### Task inputs ###

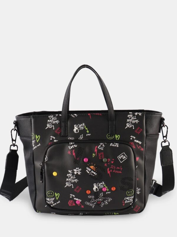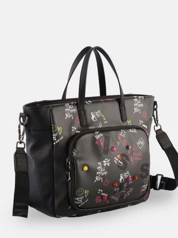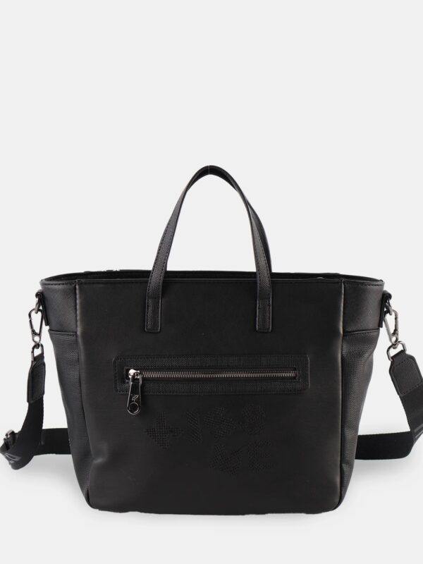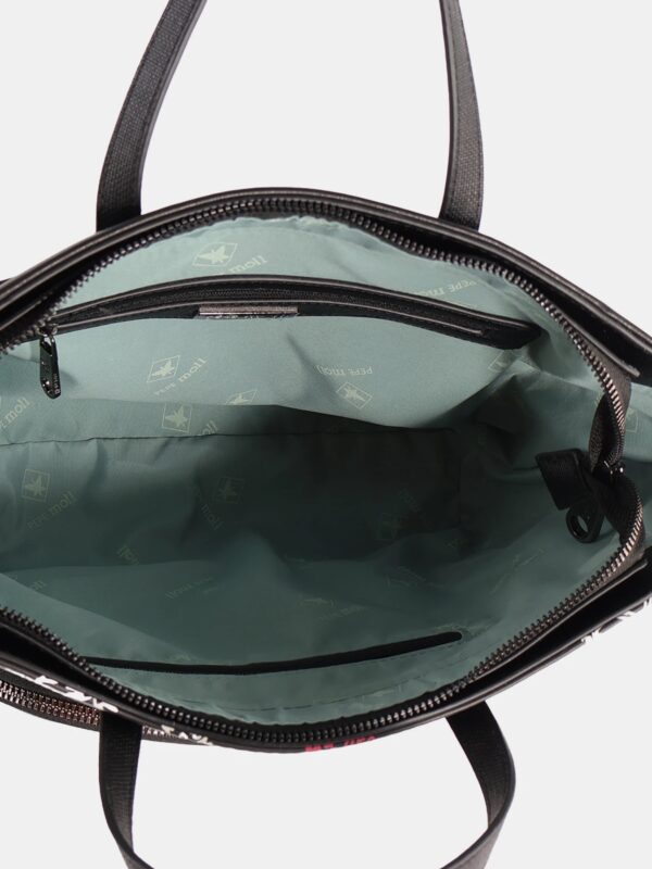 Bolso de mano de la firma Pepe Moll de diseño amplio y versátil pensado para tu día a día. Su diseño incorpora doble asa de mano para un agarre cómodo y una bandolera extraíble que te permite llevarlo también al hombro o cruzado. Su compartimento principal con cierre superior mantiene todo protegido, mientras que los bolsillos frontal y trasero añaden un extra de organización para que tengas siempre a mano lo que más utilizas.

###
### Task inputs ###

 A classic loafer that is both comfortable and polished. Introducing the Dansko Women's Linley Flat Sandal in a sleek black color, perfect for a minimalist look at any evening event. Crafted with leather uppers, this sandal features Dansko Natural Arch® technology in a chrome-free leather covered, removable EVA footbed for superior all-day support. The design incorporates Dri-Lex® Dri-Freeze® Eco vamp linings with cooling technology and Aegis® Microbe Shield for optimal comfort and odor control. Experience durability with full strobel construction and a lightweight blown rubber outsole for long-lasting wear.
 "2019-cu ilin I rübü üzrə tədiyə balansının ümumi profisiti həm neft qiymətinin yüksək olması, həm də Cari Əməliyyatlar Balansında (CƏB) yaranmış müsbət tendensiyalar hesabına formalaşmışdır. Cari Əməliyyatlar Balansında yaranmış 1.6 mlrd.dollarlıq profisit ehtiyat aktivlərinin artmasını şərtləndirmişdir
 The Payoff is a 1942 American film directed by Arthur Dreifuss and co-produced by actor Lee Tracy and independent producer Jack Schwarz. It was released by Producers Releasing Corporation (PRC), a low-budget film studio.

###

- **Aim of the task**:
From the material above, retype precisely the lines between the line holding "aktivlərinin artmasını şərtləndirmişdir" and the line holding "The Payoff is", inclusive, and nothing beyond them.

- **Response**:
 "2019-cu ilin I rübü üzrə tədiyə balansının ümumi profisiti həm neft qiymətinin yüksək olması, həm də Cari Əməliyyatlar Balansında (CƏB) yaranmış müsbət tendensiyalar hesabına formalaşmışdır. Cari Əməliyyatlar Balansında yaranmış 1.6 mlrd.dollarlıq profisit ehtiyat aktivlərinin artmasını şərtləndirmişdir
 The Payoff is a 1942 American film directed by Arthur Dreifuss and co-produced by actor Lee Tracy and independent producer Jack Schwarz. It was released by Producers Releasing Corporation (PRC), a low-budget film studio.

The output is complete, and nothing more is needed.